Similarly, the TPP was seen as the centerpiece of the U.S. "pivot" to Asia under Barack Obama's administration. It was a clear response to the rising Chinese economic influence in the Asia-Pacific region and a push by Washington to gain increased access to the dynamic markets of the Pacific Rim, particularly to those in emerging economies in Southeast Asia. But Washington's interest in the pact was clearly not just focused on its economic advantages but also as a way to cement its role in a region of rising significance. Conversely, some of its Asian participants regarded the deal as an aspect of U.S. commitment to the region. And even though the TPP is often described as an all-inclusive trade bloc — and not specifically an alliance in opposition to China — it certainly was an acknowledgement of the rising geopolitical competition and embodied the challenges confronting an emerging power on the regional or even global stage.
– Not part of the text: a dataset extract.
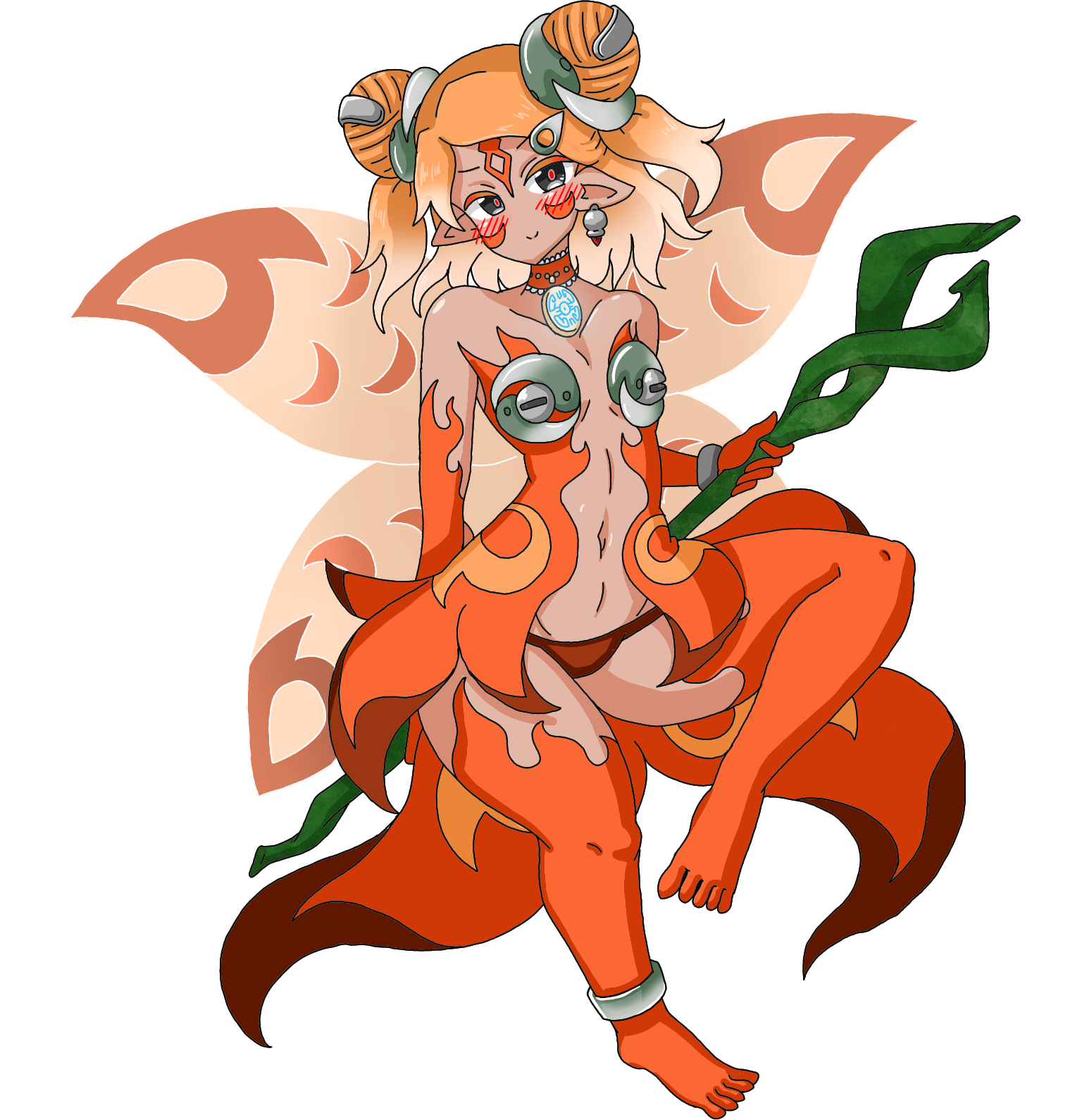 髪:橙-白色 瞳:黒色 肌:褐色

The demise of the TPP and Trump's ongoing push to renegotiate NAFTA have shown, however, that political fallout over aspects of the growth of free trade is leading to a freeze in the process, or at least creating a substantial impediment to it, as free trade has alienated segments of society that do not see a benefit from it. This sentiment is not unique to the United States, as the Brexit and the existential threat to the European Union — perhaps the most visible embodiment of the globalization movement and free trade process of the past 60 years — has shown. There is still a broad belief, however, particularly in the West, that free trade deals are needed.

But what has changed is that now the West is unlikely to take the lead in promoting free trade in a global, multilateral or mega-regional fashion. The leadership of Western countries was key to making progress in those deals. With their economic strength, they were able to entice developing countries to join the larger trade blocs by offering access to markets that would help foster growth in the smaller economies through exports. But now, discussions involving the United States and others will more often fall under bilateral frameworks in which the countries involved can more directly manage what is included and what is not.

The U.S. withdrawal from the TPP has forced major economic powers to adjust their strategies as they look to move onward with their free trade agendas. Japan and Australia have taken the lead in campaigning for Washington to reconsider its TPP decision — Japan ratified the TPP just hours before the U.S. presidential inauguration. While Tokyo and Canberra have a strong desire to counterbalance China and meet their respective economic growth strategies, both states will likely accelerate progress toward reaching bilateral free trade deals with the United States and other countries, while simultaneously — if reluctantly — pursuing membership in Chinese-led regional trade blocs. It remains to be seen who, if anyone, can replace the United States and Europe in the role of shepherding the world toward new, broad free trade agreements. In the interim, however, bilateral deals and smaller, more focused and less ambitious trade pacts will be par for the course.